2011-11-10

By Lisa Loomis

True North Wilderness Programs plans to create a public hunting program that would allow the public to hunt on the same land where its wilderness therapy school is located.

True North is seeking state and local permits for a residential therapy program that will have up to 42 students and 14 counselors camping on the ground and in yurts on the 650-acre Lathrop parcel in Fayston 12 months of the year.

A public recreation easement runs with that parcel that allows hunting and trapping in season. Adjoiners to the project and the Fayston Citizens Group has questioned whether federal and state regulations that prohibit firearms on school grounds create a conflict for True North on the issue of hunters and a school co-existing on this parcel.

True North argues in an October 31 brief that by creating a public hunting program, the Gun-Free Schools Act will not create a conflict between the school and the regulations.

The company is seeking permits for 12 permanent campsites, each with two yurts and a composting toilet, a variety of support buildings and permission to camp throughout the parcel during the spring, summer and fall. True North works with teenagers and young adults and wants permission for a maximum of 42 students and 14 counselors to be on the land year round.

Around each campsite True North will create a zone of non-interference. Outside of those zones of non-interference, True North is proposing a public hunting program allowing hunters to “possess and discharge firearms on the property solely for hunting in accordance with all applicable laws, and outside designated safety zones, pursuant to the public access easement.”

The safety zones are proposed as a 200-square-foot radius around buildings and up to a 100-square-foot radius around permanent campsites.”

True North has received a conditional use permit from the Fayston Development Review Board to operate its school on the parcel. That permit has been appealed by the applicant as well as the Fayston Citizens Group. State Act 250 hearings got underway on September 27. During the Act 250 hearings, the Fayston Citizens Group (FCG) raised the issue of a conflict between the recreational easement and federal laws regarding guns on school grounds.

The Gun-Free Schools Act, according to True North, was created to address issues that don’t apply to True North such as crimes involving drugs, guns and criminal gangs.

“The Congress found further that lithe occurrence of violent crime in school zones has resulted in a decline of the quality of education in our country and that ordinary citizens and foreign visitors may fear to travel to or through certain parts of the country due to concern about violent crime and gun violence, and parents may decline to send their children to school for the same reason,” True North’s brief explained.

“This hardly fits the picture of Vermont, which is not known for gun violence and where
guns are far more readily associated with the traditional rural cultural activity of hunting than
with drugs, criminal gangs, and schools,” True North attorneys Rebecca Boucher and Geoff Hand wrote.

The law includes exemptions for instances when possession or discharge of firearms on school  is allowed. One exemption applies when a gun and shooting are part of a program approved by the school in a school zone.

To the extent that the entire Fayston parcel could be considered part of a school zone—an interpretation with which True North does not agree—True North intends to approve a Public Hunting Program to allow individuals to possess and discharge firearms on the Fayston parcel when hunting lawfully outside of designated safety zone,” the attorneys wrote.

Thus, the GFSZA will not apply to lawful hunting on the Fayston parcel outside of designated safety zones. True North's proposed Public Hunting Program will ensure the safety of children in the school program, will meet the language and intent of the federal statute, and will allow members of the public to engage in safe and lawful hunting on the property as envisioned by the public access easement,” they continued.
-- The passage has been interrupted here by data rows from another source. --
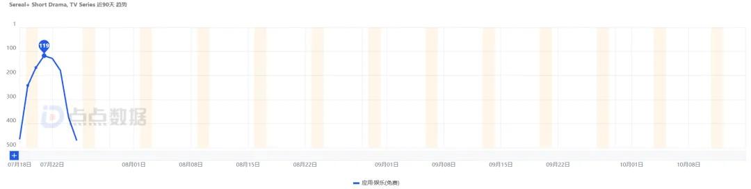 同时,Sereal+在美国地区App Store免费娱乐应用榜由此前高点的第119名,至7月25日便跌至第470名,之后跌出前500名。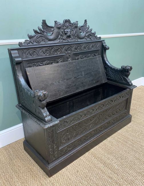 STAINED OAK BOX SETTLE, carved in the Renaissance revival style with Griffin and mask panelled back, lion carved arms and foliate carved front, 122cms wide, together with a similar hinged top coffer with carved panelled front and green man mask uprights with fruit, 107cms wide (2)Comments: settle with missing tops to carved cresting rail, coffer with shrunk timbers and worn topProvenance: Davey family of Whitford House, Penrhiwgoch, Baglan/Briton Ferry.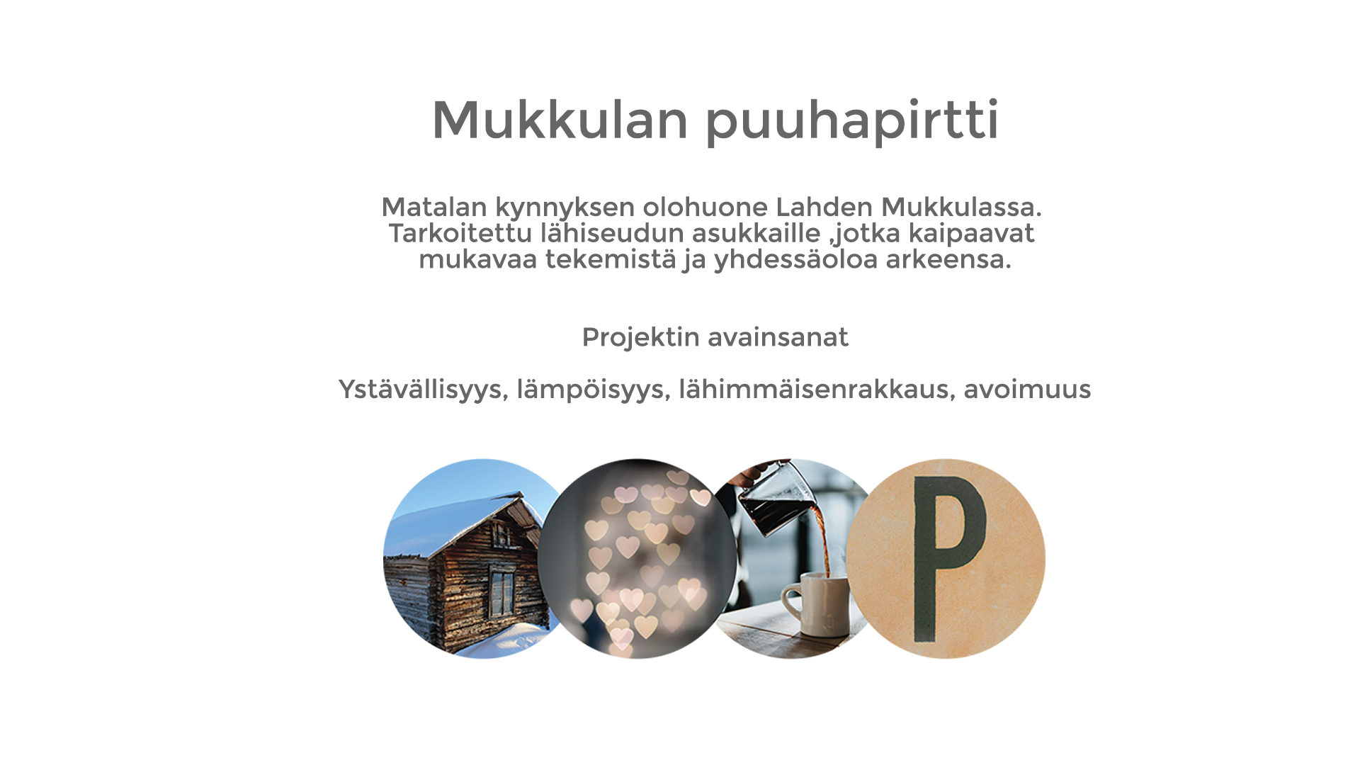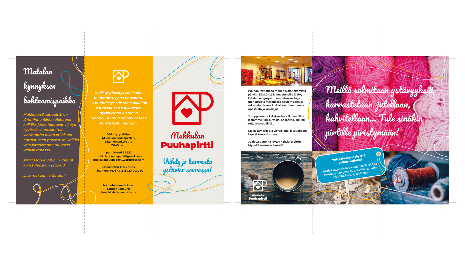 - Mukkulan Puuhapirtti. Logo, house style, brochure for a residents' association in city of Lahti.

They cite a similar exemption to Vermont laws that prohibit guns on school buses or buildings or grounds arguing that because the school will not allow guns in school buildings or vehicles, the Vermont law is inapplicable to this situation.

True North also argues that the entire 650-acre parcel cannot be considered the school grounds.

“The undeveloped portions of the parcel will neither be enclosed nor ‘used for a specified purpose.’ Rather, similarly to the public lands True North students use elsewhere in the state, the undeveloped areas of the Lathrop parcel will be open to the public for a variety of uses outside of the zones of non-interference. While the school will use these areas for dispersed hiking and camping, it would be unreasonable and beyond the intent of the federal legislation to consider the entire parcel ‘school grounds.’ However, this issue need not be decided, because True North's establishment of the Public Hunting Program exempts application of the guns free school zone act to lawful participants,” the attorneys concluded.

Members of the Fayston Citizens Group point out that there are other state regulations that will impact True North’s ability to run its wilderness therapy program which has a state designation as a school and a residential treatment program. Licensing regulations for residential treatment programs in Vermont spell out that no such program shall permit any firearm or chemical weapon on the property, including program and employee vehicles.